Flint Vehicle City: No Justice No Peace

2. PSC Trainee Erykah Benson conducted survey research in Michigan this year probing public support for reparations. The University of Michigan’s Detroit Metro Area Communities Study and the Center for Racial Justice found that the majority of Detroiters and the majority of Flint residents support reparations.

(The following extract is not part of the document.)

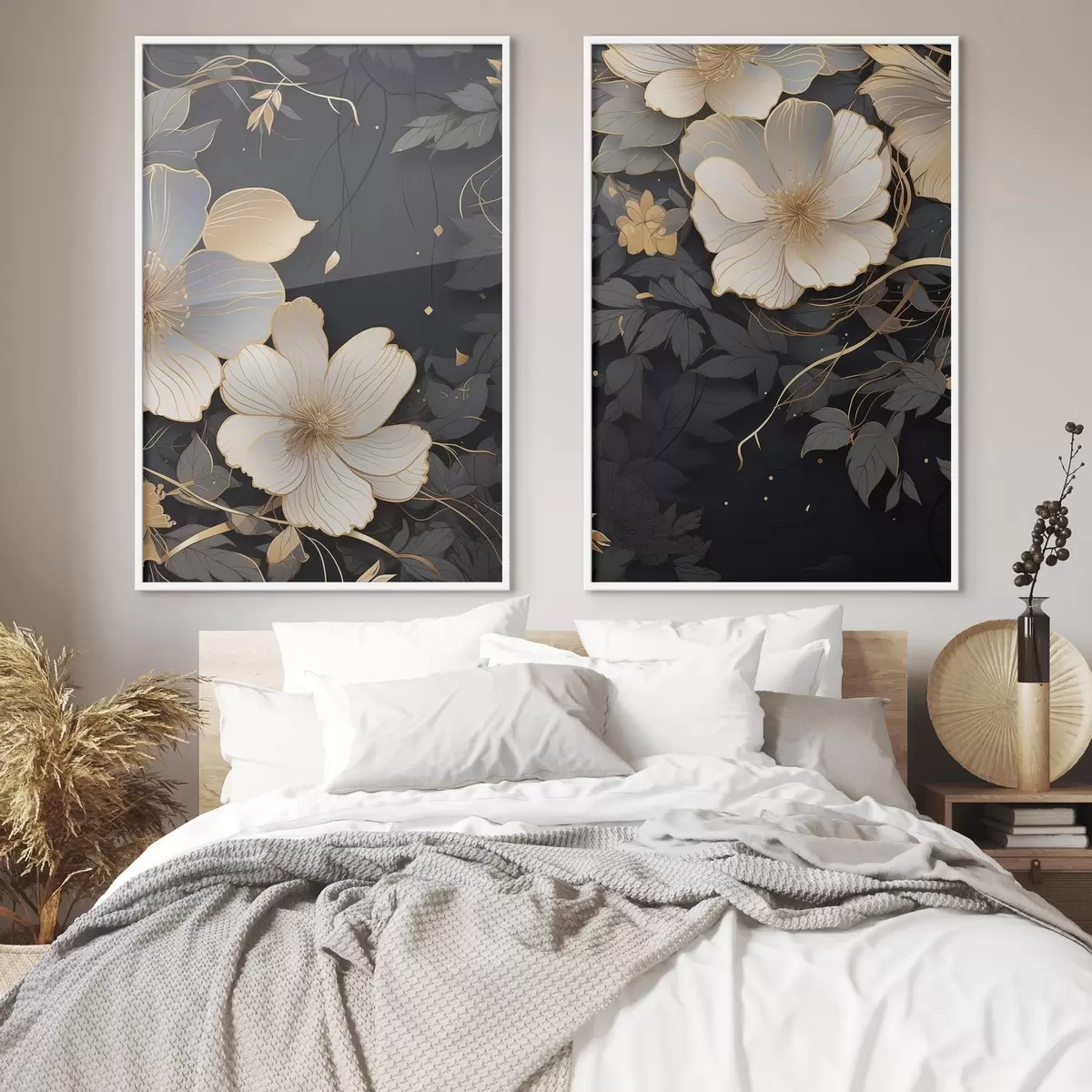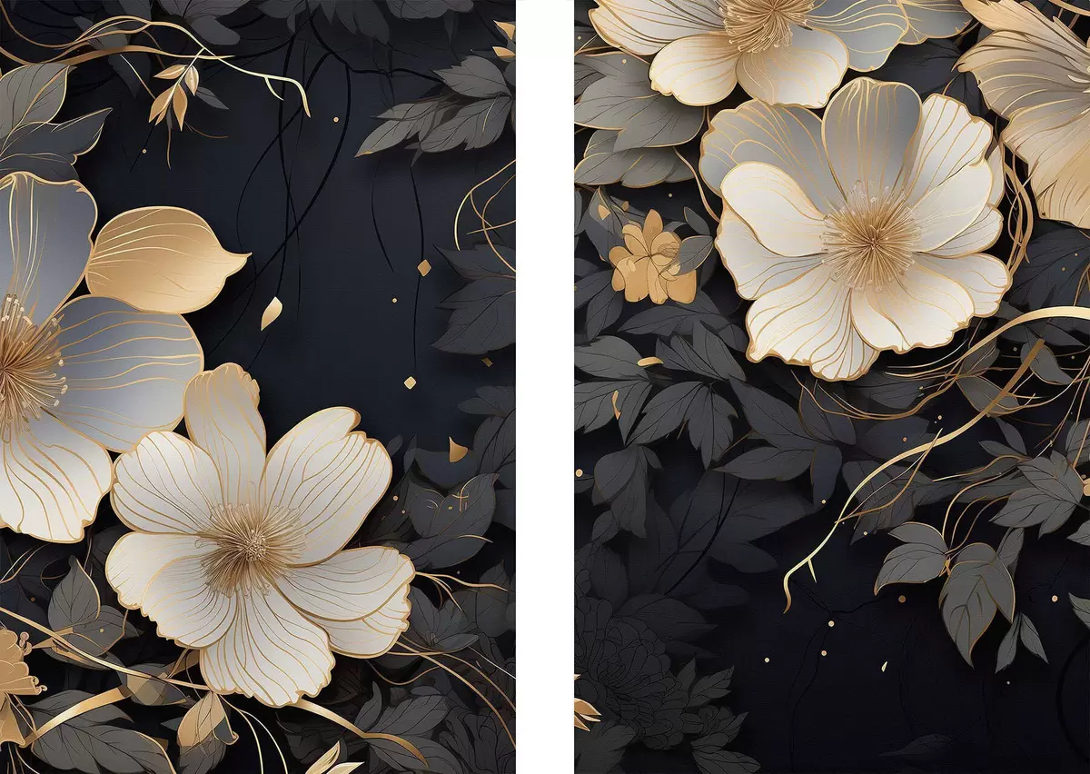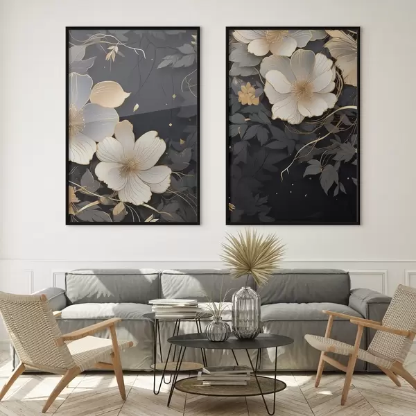 Poster Nagy absztrakt virágok sötét háttér előtt Nr d01066

Difference in Differences Workshop presented by Pedro H. C. Sant'Anna on Jan. 21, 2023

3. PDHP held two workshops on Differences in Differences in 2023, with Pedro H. C. Sant’Anna and Jonathan Roth, breaking previous attendance records for such programs. PDHP’s workshops are free and open to the public, and a playlist of past offerings is on YouTube.

Arline T Geronimus

4. Arline Geronimus, who coined the term “weathering” to describe the corrosive effects of systemic oppression on marginalized people’s bodies, published a new book to great acclaim, Weathering: The Extraordinary Stress of Ordinary Life in an Unjust Society (Little, Brown Spark) that is the culmination of almost 40 years of research on populations who experience systemic cultural oppression, long-term material hardship, exploitation, stigma and political marginalization.

Arland Thornton

5. In March, PSC hosted an ISR retirement celebration honoring the legendary Arland Thornton known for research work in sociology and demography, his legacy of mentorship, and for pioneering the study of developmental idealism. Thornton’s career will be celebrated at the Annual Meeting of the Population Association of America (PAA), where he served as president, on April 17, 2024.

PSC alum Christina Cross bestows the Dorothy A. Thomas Award on PSC trainee Erin Ice at PAA 2023.

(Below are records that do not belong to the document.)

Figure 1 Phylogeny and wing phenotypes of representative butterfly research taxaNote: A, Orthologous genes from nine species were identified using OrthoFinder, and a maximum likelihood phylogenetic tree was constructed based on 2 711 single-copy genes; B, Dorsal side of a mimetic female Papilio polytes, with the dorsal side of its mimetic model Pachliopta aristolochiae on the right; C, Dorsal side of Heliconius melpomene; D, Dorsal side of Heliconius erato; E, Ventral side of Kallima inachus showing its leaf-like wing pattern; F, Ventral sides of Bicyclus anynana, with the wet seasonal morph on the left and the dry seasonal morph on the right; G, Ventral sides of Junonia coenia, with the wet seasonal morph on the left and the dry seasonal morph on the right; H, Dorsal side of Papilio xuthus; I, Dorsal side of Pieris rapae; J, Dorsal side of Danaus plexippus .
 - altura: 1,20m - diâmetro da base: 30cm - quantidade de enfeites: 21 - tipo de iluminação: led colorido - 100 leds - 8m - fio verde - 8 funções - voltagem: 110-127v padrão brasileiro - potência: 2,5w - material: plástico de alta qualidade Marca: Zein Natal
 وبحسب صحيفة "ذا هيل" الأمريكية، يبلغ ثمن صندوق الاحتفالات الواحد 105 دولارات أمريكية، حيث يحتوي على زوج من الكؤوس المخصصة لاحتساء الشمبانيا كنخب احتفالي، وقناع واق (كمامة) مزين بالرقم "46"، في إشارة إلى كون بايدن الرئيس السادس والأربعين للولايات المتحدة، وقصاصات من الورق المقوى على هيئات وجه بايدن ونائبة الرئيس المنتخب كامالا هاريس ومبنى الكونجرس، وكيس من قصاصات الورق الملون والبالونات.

6. PSC Trainees won important honors in 2023. Among them: Jane Furey was named an NAEd/ Spencer Dissertation Fellow, Erin Ice won the PAA’s Dorothy S. Thomas Award, and affiliate Shoshana Shapiro was named a National Poverty Fellow.

CJARS training workshop

7. CJARS hosted a training workshop in conjunction with the Transatlantic Workshop on the Economics of Crime to educate participants about new research opportunities to study the U.S. criminal justice system. 

8. Spearheaded by Poverty Solutions, PSC scholars led important, policy-relevant work on poverty in 2023. In July, Katherine Michelmore testified on the effectiveness of the 2021 Child Tax Credit before the Senate Finance’s Subcommittee on Taxation and IRS Oversight. Kristen Seefeldt and colleagues launched the Guaranteed Income to Grow Ann Arbor, a two-year pilot to provide monthly payments of $528 to 100 entrepreneurs with low and very low incomes in Ann Arbor.

David Lam

9. ISR and PSC honored former director David Lam with a research symposium in May. Numerous former colleagues, students, and others affected by Lam’s work throughout his time at ISR and elsewhere spoke, capping a career in the social sciences spanning more than 40 years.

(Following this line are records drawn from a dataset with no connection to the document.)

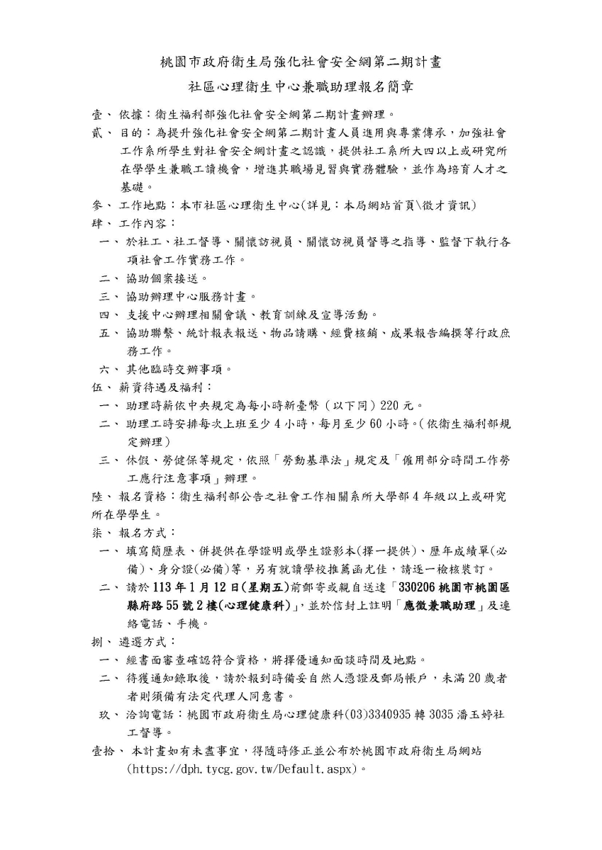 三、本案助理職缺3名,自即日起至113年1月12日下午5時止受理投件,相關資訊請至本局網站徵才資訊(網址:https://dph.tycg.gov.tw/News.aspx?n=4221&sms=10123)查閱,如有疑問請洽潘玉婷社工督導03-3340935分機3035。
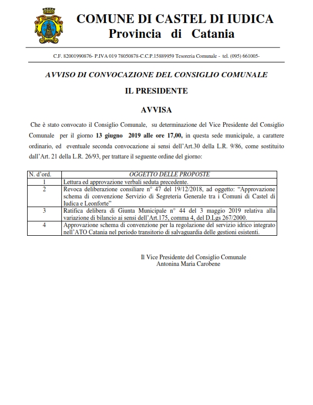 - CONVOCAZIONE DEL CONSIGLIO COMUNALE PER IL 13 GIUGNO 2019 ORE 17[.doc 196,5 Kb - 06/06/2019]
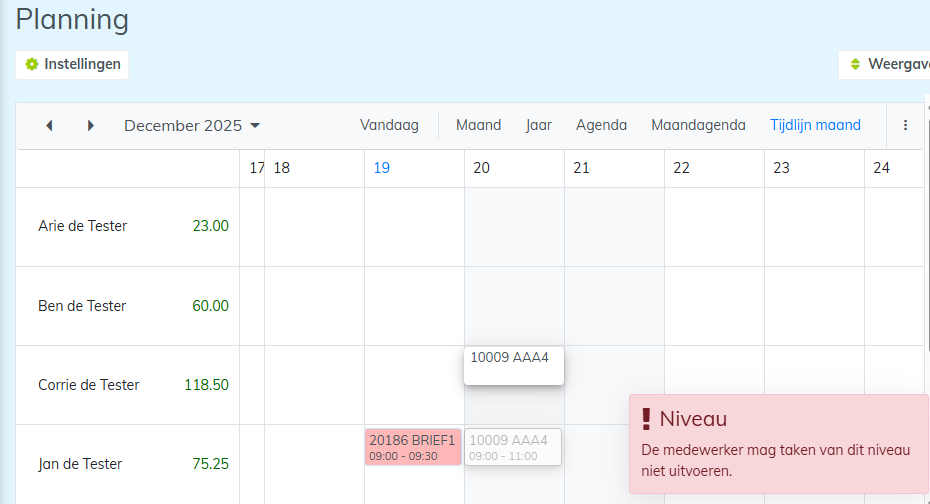 Bij het herplannen wordt niet alleen naar de deadline van een taak gekeken, maar ook naar het niveau van een medewerker. Als het niveau van de medewerker voor die taak lager is dan het ingestelde niveau, dan kan de taak niet herpland worden naar de medewerker.
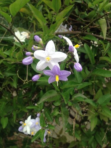 自転車で近所を走っていたら、フェンスにからめたツル植物がきれいな花を咲かせていました。ツルハナナス(蔓花茄子)というらしい。 なんとも涼やかな色のとりあわせに、思わず自転車を止めてパチリ。たしかに、ナスの花に似ているなあ。つぼみの紫から、ひ…
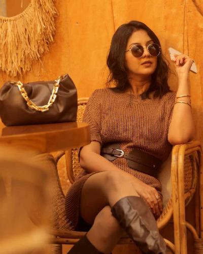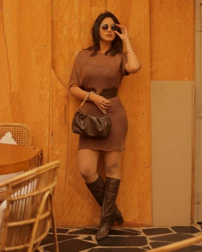 या फोटोंमध्ये तिने एक शॉर्ट वनपीस घातलाय आणि त्यावर लेदर बेल्ट आणि लेदरचे लाँग शूज असा पेहराव केलाय.

Sasha Killewald et al gather at a PSC Coffee Chat.

10. PSC had a bright year of community events. We added flash presentations with live scribing to our monthly Coffee Chats, hosted an incredible lineup of brown bag presentations, and rekindled our annual PSC Trainee picnic in the fall.

11. Demography hit headlines in 2023 when, according to UN estimates, India surpassed China in population. PSC helped connect PSC faculty Yun Zhou and PSC alumna Holly Singh to write about how individuals make decisions about fertility and parenthood in the “shadow” of population planning in  India and China. Their article was published in the Made in China Journal.

Felix Agoi, the senior field coordinator of the Longitudinal Study of Health and Ageing in Kenya, conducts community sensitization in Kilifi before the launch of the study’s pilot phase. Image courtesy: LOSHAK

12. Africa’s older population will triple in the next few decades. Modeled on the Health and Retirement Study at ISR, the LOSHAK longitudinal study in Kenya will provide data deeply needed as Sub-Saharan Africa navigates this population change. PSC Postdoc Shane Burns is part of the team, working on global disability.